Однажды я сказала, что мне очень нравятся японские куклы, такую выразительность, такой лаконизм и изящество мало где встретишь. И вот Арэнесс как-то раз вручила мне коробку.
— Это вам послала моя мама.
В коробке была кукла-японка в плотно запахнутом шелковом кимоно. По случайному ли совпадению или с умыслом, но у нее были каштановые волосы, прическа, как у Арэнесс, и зеленоватые глаза…
В последний раз мы увиделись с Арэнесс перед самым моим отъездом. Закончила работу советская выставка, где она работала, уехали специалисты и переводчики.
— Все уехали, — сказала она. Голос ее показался мне странно грустным.
И я вспомнила, как однажды она примчалась из магазина с косметическим набором и, захлебываясь от восторга, стала его демонстрировать. Тон ее мало чем отличался от тона инструкции к набору, авторов которой явно не смущало злоупотребление превосходными степенями: «…совершенно необходимое средство… самое наилучшее, наиболее эффективное… сделано из…» и дальше шло едва ли совместимое соединение чуть ли не всех последних новшеств медицины, применяемых в косметике: гормоны и плацента, биовещества, какие-то сложные эксудаты, пчелиное молоко…

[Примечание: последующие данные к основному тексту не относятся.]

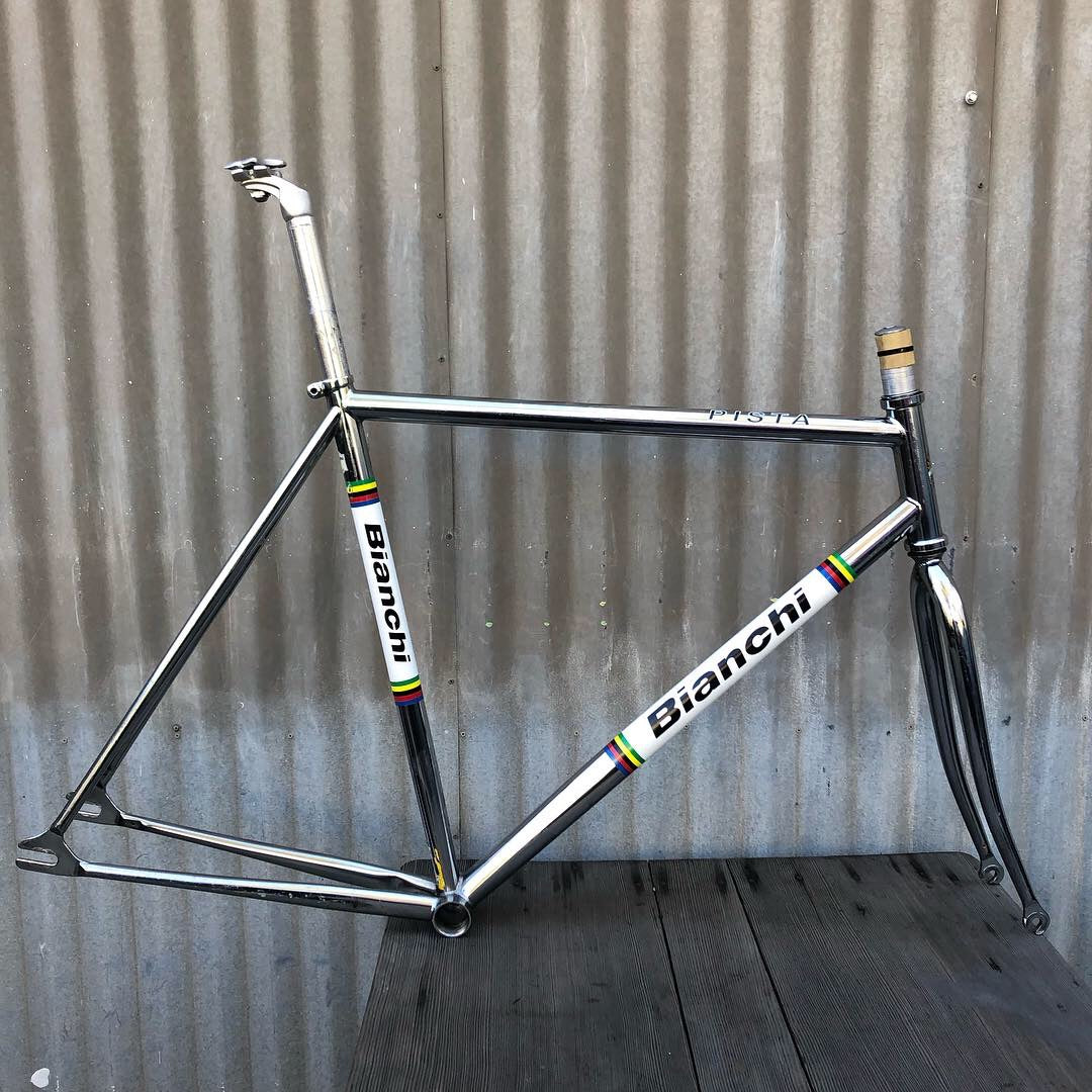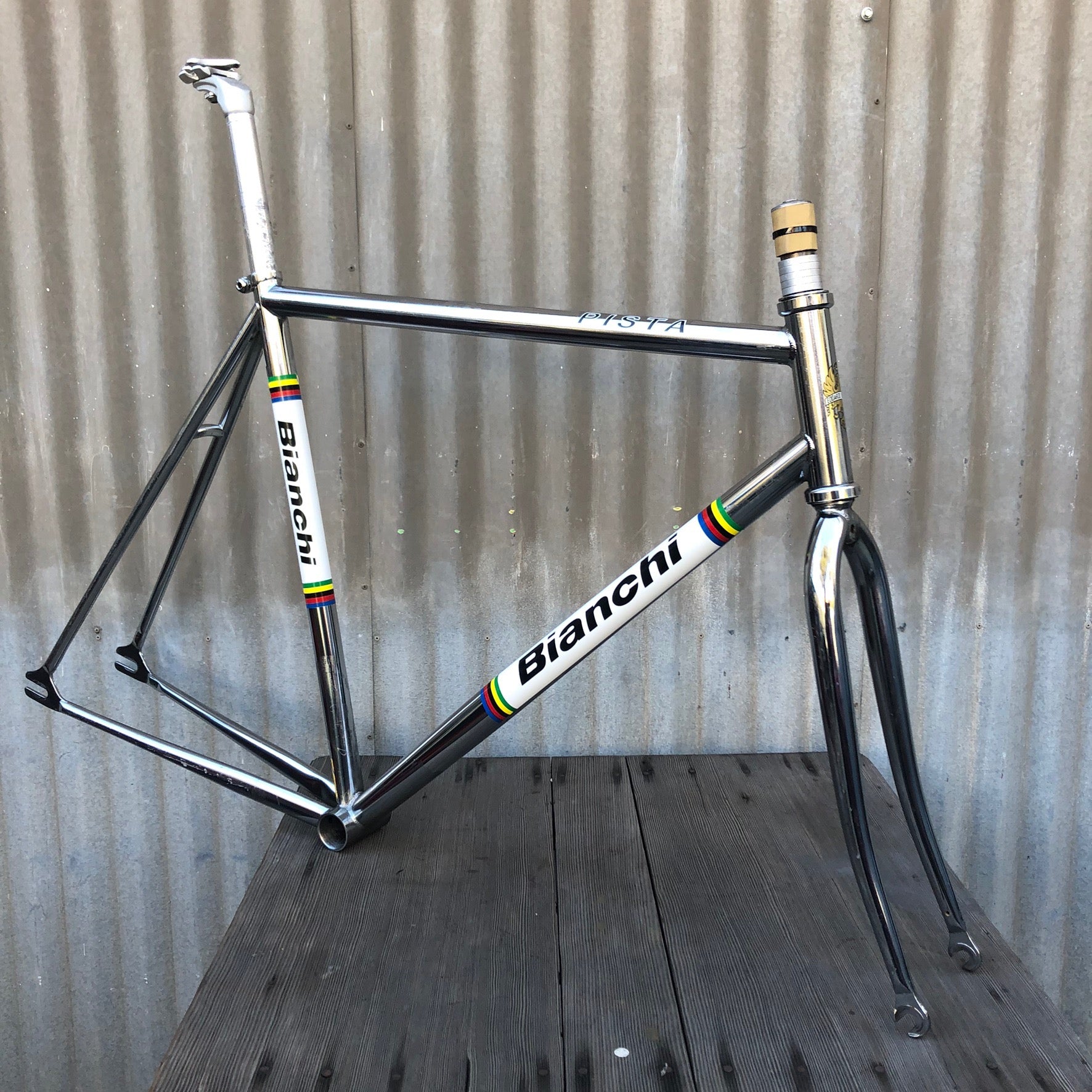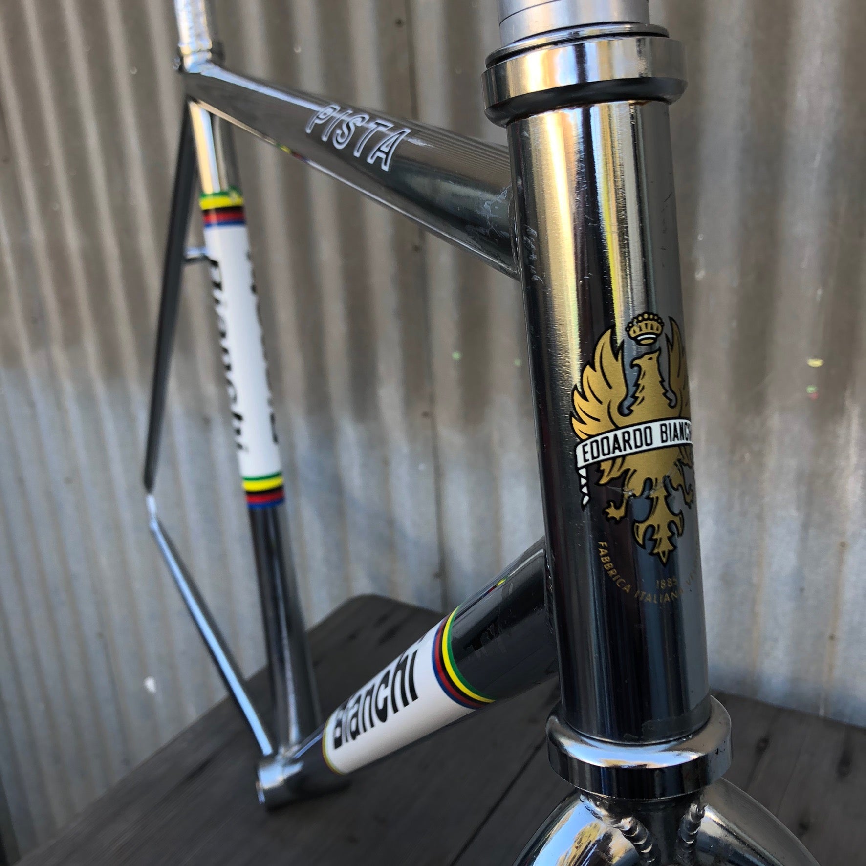 The desirable 55CM Bianchi Pista chrome track frame. Has facility for brakes. Some issues with clear coat and decals as seen in photos. Includes seatpost and VP head set.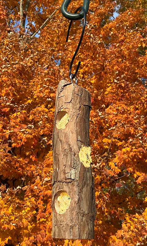 Ensure your bird sanctuary and one of its feeding stations are as pure as possible by placing this Cedar Suet Log Feeder by Prime Retreat in it. This solid, cedar cylinder brings natural materials and colors to your bird garden, while working with birds' instinctive feeding behaviors. The bark covered exterior of the log creates plenty of clinging spots for your feathered friends, while triple, 1.375" diameter tunnels through it easily hold suet plugs. Fissures and outcroppings on the bark body offer a variety of perching and clinging spots for birds, and suet helps them maintain their energy. Suspend this unit from a hanger or bracket using its robust, top metal eyehook, and alter the flavors of the suet in each tunnel to see what your feathered friends prefer. For more avian activity, add a bit of spreadable suet onto the exterior of this feeder. Encourage your backyard birds to dine naturally by adding this Cedar Suet Log Feeder to your yard. Made in the USA.

— А из птичьего молока у вас нет кремов? — пошутила я.
— О, — тряхнув челкой, запальчиво ответила Арэнесс, — в Японии для женщины есть все, даже птичье молоко!
…И вдруг эта девушка говорит:
— Уедете и вы скоро… Нам с вами было хорошо. А теперь мы останемся одни. (И птичье молоко ни к чему, — сразу вспомнила я). Когда-то еще вы приедете снова… А ведь мы русские…
И такая искренность, такое неподдельное горе было в ее словах, что у меня дрогнуло сердце.
Пойди разберись во всех этих странных, запутанных судьбах!
На той же советской выставке к переводчице, работавшей в отделе оптики, подошли две пожилые женщины в ярких платьях, в светлых соломенных шляпках — посади их на московском бульваре, никто не оглянется. Они смотрели на переводчицу, на ее светлые волосы, пытались в ней отыскать черты своей далекой молодости и далекой России.
Рядом был стенд, демонстрирующий телескоп Пулковской обсерватории. На фотографии большой круглый купол обсерватории виднелся из-за пушистых верхушек берез.
— Пулково, — сказала вдруг одна. — Под Петербургом, помнишь?
— Под Ленинградом, — поправила другая.
Они смотрели неотрывно на эту фотографию, но переводчица понимала, что смотрят они не на купол, прикрывающий сильнейший в Европе телескоп, а на веселые молодые купы деревьев, может, даже слышат, как шумят своими легкими листиками эти беспечные красавицы.
Для русского сердца родная земля — прежде всего в шелесте и шепоте берез.